Your response to the data below should hold nothing except the lines from the one containing "2. 接著,請在「所有樣板」" down to the one containing "Regarding the processing", reproduced exactly and without pictures.

START Material shown

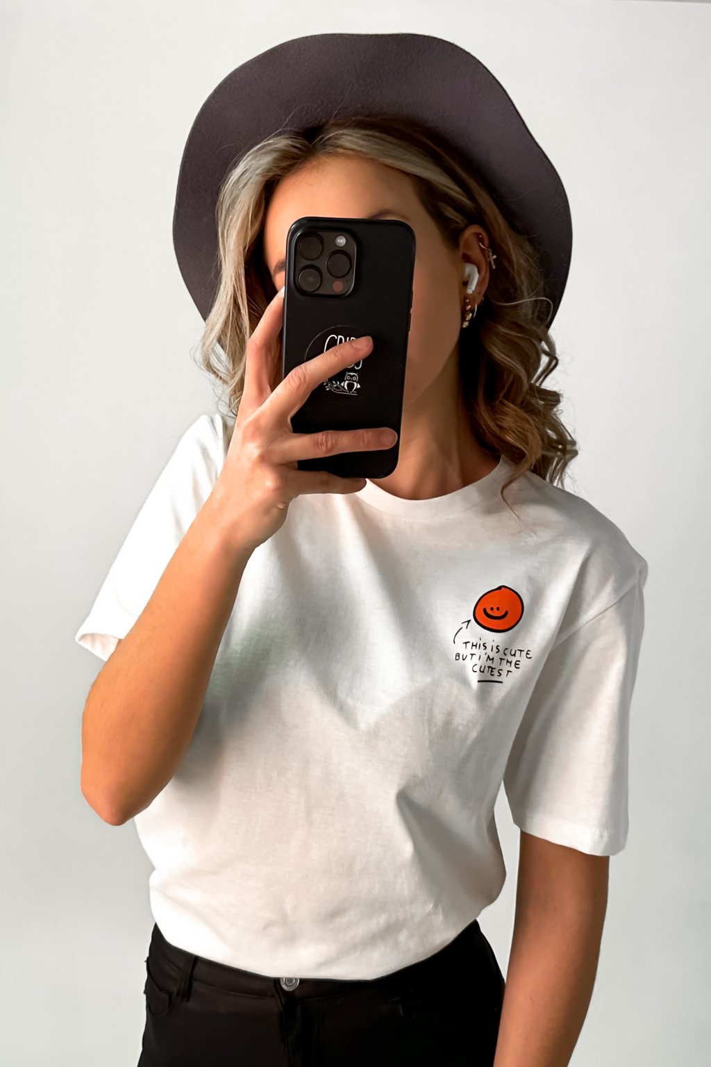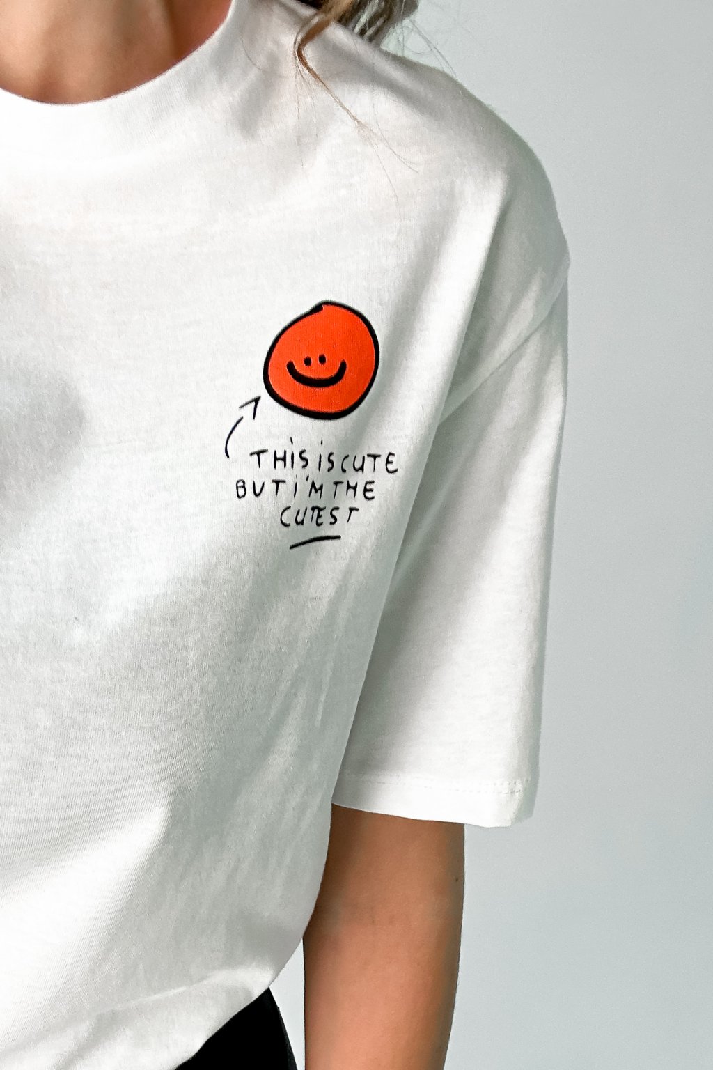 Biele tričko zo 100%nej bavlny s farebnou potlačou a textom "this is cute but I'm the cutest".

END Material shown
START Material shown

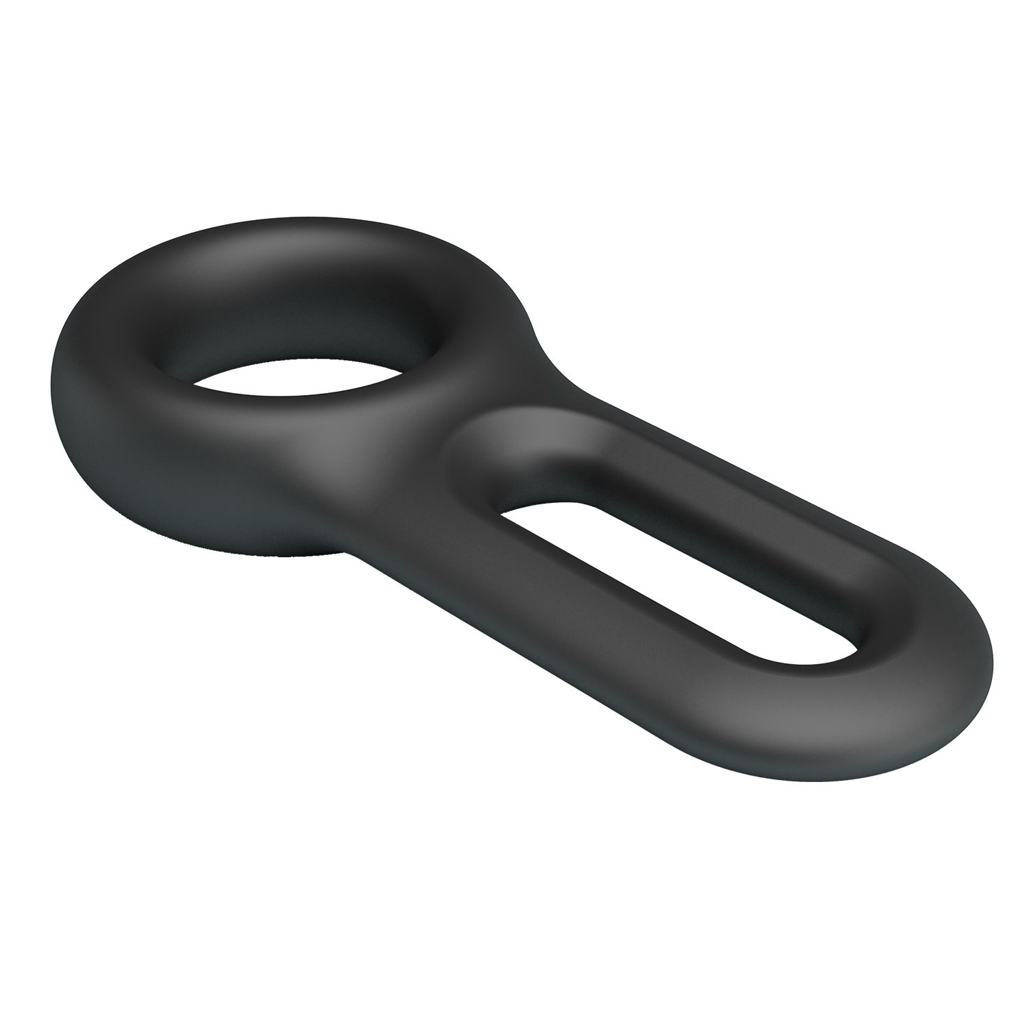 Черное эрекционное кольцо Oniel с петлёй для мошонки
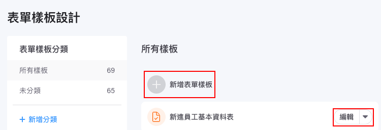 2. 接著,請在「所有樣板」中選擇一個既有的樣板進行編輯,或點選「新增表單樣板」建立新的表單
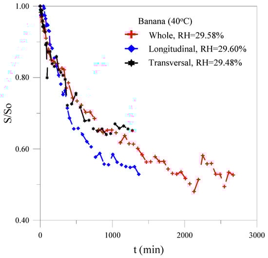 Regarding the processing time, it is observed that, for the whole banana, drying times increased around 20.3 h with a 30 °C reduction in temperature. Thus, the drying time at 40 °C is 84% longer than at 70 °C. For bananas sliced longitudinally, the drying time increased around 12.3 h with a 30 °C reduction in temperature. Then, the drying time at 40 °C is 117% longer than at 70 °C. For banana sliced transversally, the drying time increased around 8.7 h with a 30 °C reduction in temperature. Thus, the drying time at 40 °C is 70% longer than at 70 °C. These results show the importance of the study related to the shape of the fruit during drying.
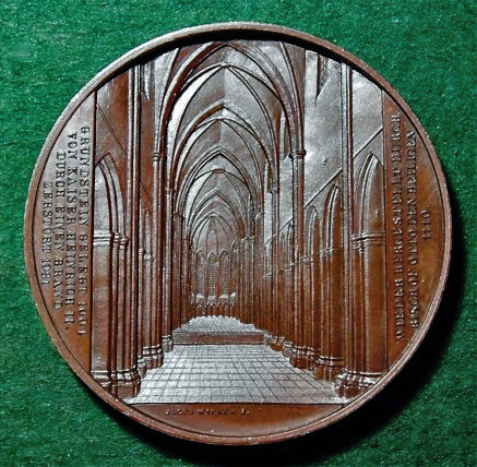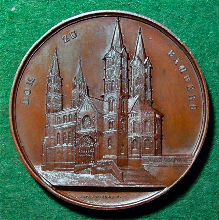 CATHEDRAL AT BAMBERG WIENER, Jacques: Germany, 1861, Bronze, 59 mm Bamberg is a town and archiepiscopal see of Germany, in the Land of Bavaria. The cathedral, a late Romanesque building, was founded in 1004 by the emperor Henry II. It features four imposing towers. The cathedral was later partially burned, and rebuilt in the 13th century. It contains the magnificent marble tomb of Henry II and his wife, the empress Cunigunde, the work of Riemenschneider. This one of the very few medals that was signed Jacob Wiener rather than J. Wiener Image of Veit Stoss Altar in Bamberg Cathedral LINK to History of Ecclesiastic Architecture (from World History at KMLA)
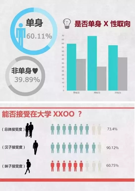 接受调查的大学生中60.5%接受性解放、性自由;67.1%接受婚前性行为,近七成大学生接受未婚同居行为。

END Material shown

__Answer for this exercise__:
 2. 接著,請在「所有樣板」中選擇一個既有的樣板進行編輯,或點選「新增表單樣板」建立新的表單
 Regarding the processing time, it is observed that, for the whole banana, drying times increased around 20.3 h with a 30 °C reduction in temperature. Thus, the drying time at 40 °C is 84% longer than at 70 °C. For bananas sliced longitudinally, the drying time increased around 12.3 h with a 30 °C reduction in temperature. Then, the drying time at 40 °C is 117% longer than at 70 °C. For banana sliced transversally, the drying time increased around 8.7 h with a 30 °C reduction in temperature. Thus, the drying time at 40 °C is 70% longer than at 70 °C. These results show the importance of the study related to the shape of the fruit during drying.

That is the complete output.